OIN’s Mirko Boehm wrote about FRAND in the European Union on the very same day the above got published. Here is what he said:

As part of the research project on “The Interaction between Open Source Software and FRAND licensing in Standardisation”, a workshop was organised by the European Commission, Joint Research Centre (JRC) in collaboration with Directorate General Communications Networks, Content and Technology (CONNECT) to present and discuss the intermediate results to date. The workshop took place in Brussels on September 18, 2018. I presented a set of observations from the research on the case studies performed as part of the project that are outlined below. Other speakers where Catharina Maracke on the issue of legal compliance between Open Source and FRAND licenses, Bruce Perens on “Community Dynamics in Open Source”, and Andy Updegrove on “Dynamics in Standardisation”.

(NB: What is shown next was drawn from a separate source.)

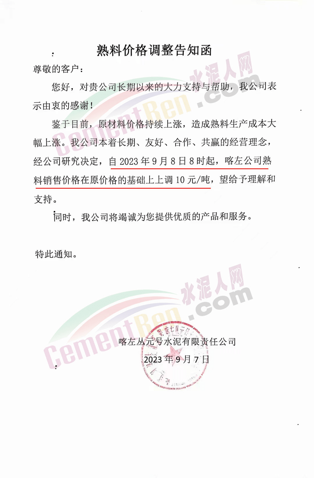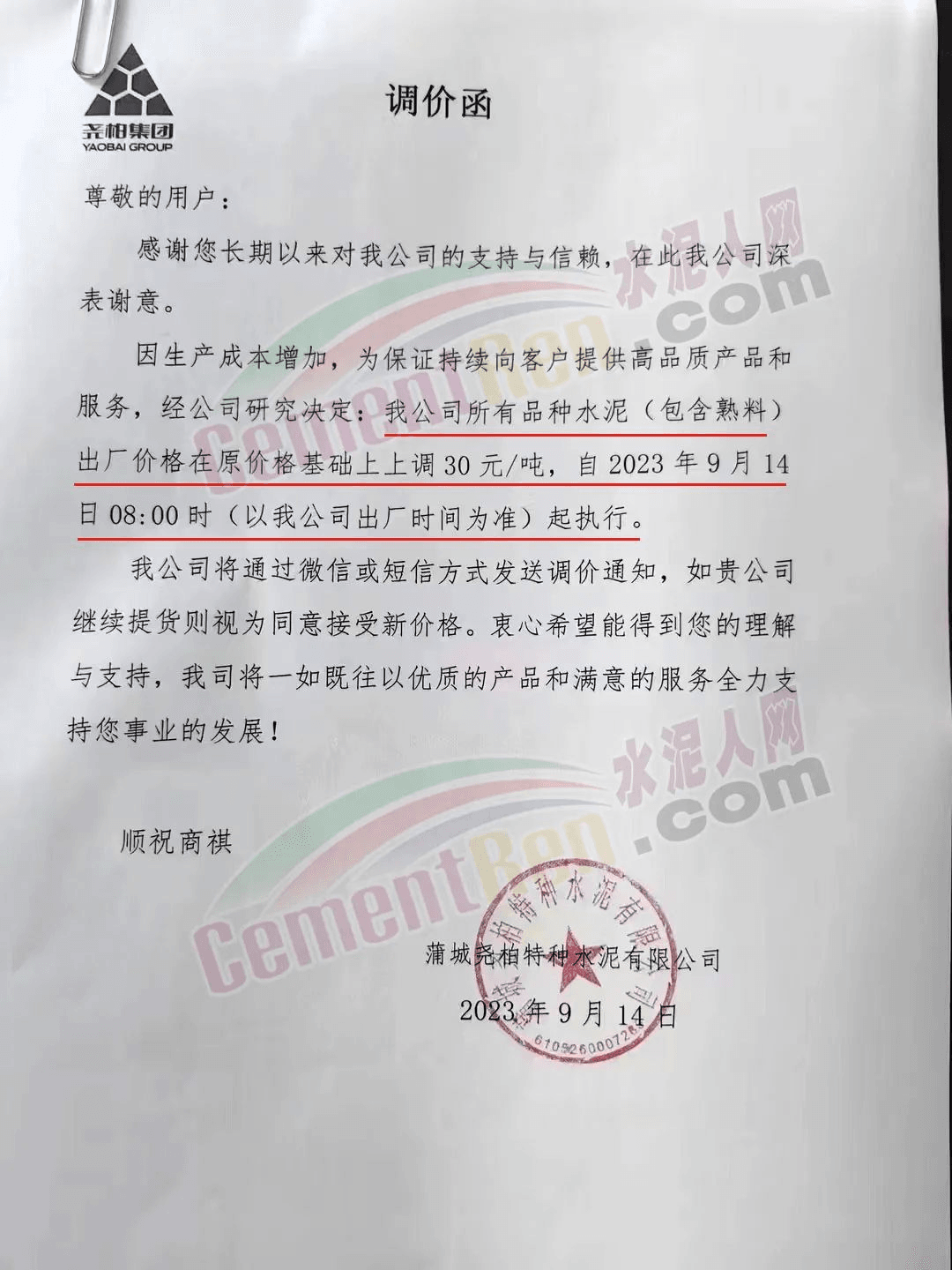 華新金龍水泥(鄖縣)有限公司通知,鑒于當(dāng)前原材料價(jià)格上漲,及市場(chǎng)行情變化,公司決定于2023年9月14日起所有品種水泥價(jià)格上調(diào)30元/噸。

You may ask what the relevance of this debate is for the wider Free and Open Source Software community. The obvious answer is that to distribute software “without restriction”, the user needs all the usage rights associated with the program. While most FOSS contributors assume that this is naturally the central motivation for anybody to contribute in the first place, there is a long history of attempts to maintain some sort of exclusive control over a piece of FOSS code, possibly using other rights than copyright.

Mirko Boehm’s (auto)biography says that he is “Director, Linux System Definition, Open Invention Network.” With people like Andy Updegrove and Bruce Perens involved (in the above) it looks a lot more legitimate than IAM's disgraced event.

Anyway, if the goal is to protect GNU/Linux from patents (rather than protecting software patents from GNU/Linux advocates, as Perens once put it), then OIN must evolve. Microsoft is operating through trolls while offering (selling) ‘protection’ from these [1, 2, 3, 4, 5, 6, 7, 8, 9, 10, 11, 12, 13, 14, 15, 16, 17, 18, 19, 20]. One example is Microsoft’s patent troll Finjan, which days ago issued a widely-spread and paid-for press release [1, 2, 3] about its laughable software patents that it uses to blackmail Microsoft’s rivals. This spoke of the Federal Circuit‘s stance on the ‘408 patent:

“Finjan is gratified to have the Federal Circuit’s decision affirming the USPTO’s Patent Trial and Appeal Board’s decision rejecting Palo Alto Networks’ challenges to Finjan’s ‘408 Patent,” stated Julie Mar-Spinola, CIPO and VP, Legal Operations for Finjan. “While this allowed Palo Alto Networks to delay Finjan’s day in court for nearly four years, we believe we are due and will seek past and accrued damages for that period until resolution, which is not insignificant.”

There have been similar Federal Circuit challenges to patents from Intellectual Ventures (IV) with its notorious proxies like ‘offspring’ trolls. It’s another Microsoft proxy which goes after Microsoft’s rivals with frivolous lawsuits and threats thereof. Where is OIN in all this? Not interested? Apathetic? Therein lie some of the biggest problems.